[Erp5-users] Help requested from developers, implementers, and end users....

Tracy R Reed treed at copilotconsulting.com
Sat Aug 25 06:20:00 CEST 2007


survey at trentend.com wrote:
> Just a quick thank you to the few people from the community who have  
> taken the time to
> fill in my survey. I think it's fair to say that the response has been  
> a little
> disappointing overall, but not entirely unexpected.

Disappointing in what way? Lack of response? I suspect because there is
hardly anyone who cares enough to respond.

I have been following erp5 for 3 years. But I have never implemented it.
Last I looked there were no decent docs. I just took another look and it
looks like that situation hasn't changed much. There are a bunch of one
or two page howto's on erp5.org but still no manual. The community
maintained "handbook" is probably the best thing there is and it is very
incomplete. Probably having something to do with a lack of community.

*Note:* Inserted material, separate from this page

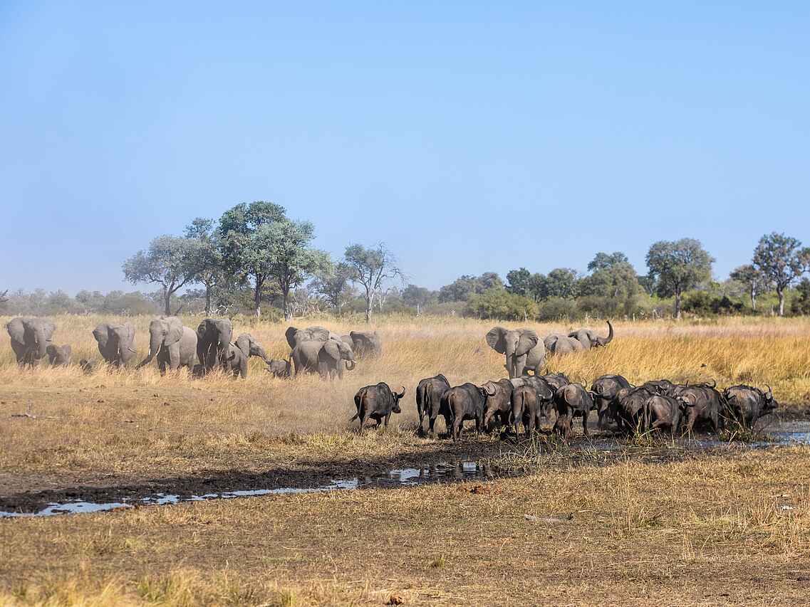 Die Region rund um das Zarafa Camp zeichnet sich durch hohe Wildtierdichte aus. Elefanten, Büffel, Giraffen und Zebras werden häufig gesehen. Verschiedene Antilopenarten wie Impala, Kudu, Sable und Roan ziehen durch die offenen Ebenen. Die Wasserwege bieten Lebensraum für Flusspferde und Krokodile. Raubtiere wie Löwen, Leoparden und Hyänen sind regelmäßig unterwegs. Mit etwas Glück zeigt sich auch ein Rudel Afrikanischer Wildhunde. Die Vogelwelt ist vielfältig und umfasst sowohl Wasservögel als auch Greif- und Steppenvögel. Diese Vielfalt macht die Region zu einem der attraktivsten Safarigebiete Botswanas.

There is still nothing like a "Getting Started Guide" to explain the
general theory of ERP5 or ERP in general it seems. I am fairly
experienced with Zope and I would like to be able to implement ERP5 but
at this point cannot be comfortable with it. I should check out the
livecd again. A couple years ago I downloaded it and booted it. I
couldn't make it do anything useful. No docs, no examples, nothing. I
asked Nexedi about this and they explained that they can't make it do
much because their clients keep all of their business processes secret
so they cannot include them in a livecd. That was a big cop-out though.
It can't be that hard to implement a basic mom and pop store just as a
demo. I'm downloading it again now and hopefully it has improved.

I always got the impression that ERP5 was just barely open source. The
source is there and you can use/copy it but good luck getting started
with it. All roads lead to paying Nexedi money to help you learn or
implement it and from what I can tell this is by design. Most of the
questions here are answered by Nexedi: Jerome, Jean-Paul, Yoshinori,
etc. and few others because there is little reason for anyone to get
involved when the barrier to entry is so high. What good is an open
source ERP if you are still going to be beholden to one company to keep
your factory running?

I really wish it used the vastly more popular and mature Plone instead
of CPS (which is in the process of switching to Java) but I suspect that
is a religious (and perhaps local or national since CPS is French also)
issue and isn't nearly as important as the issue of documentation and
lack of community.

If I were going to do ERP for a company that needs full functionality
right now I would go with a proprietary system. If I could stand Java I
would use Compiere. If we only need miminal functionality and can afford
to add it on as we grow I would build my own with Plone and Archetypes
etc. and perhaps use MySQL in a similar way that ERP5 uses it if
performance for certain kinds of indexing if it became an issue. Last
year I worked for a company with 50 employees and a rather large
warehouse shipping and receiving thousands of packages of goods a day
and they wrote their own ERP in two years in Perl! Not nearly as fully
featured as ERP5 or one of the proprietary systems but it suited their
needs perfectly and cost them two employees salary for a year to
implement. A very good deal compared to the other options. Now they have
freedom and continue to reap the benefits.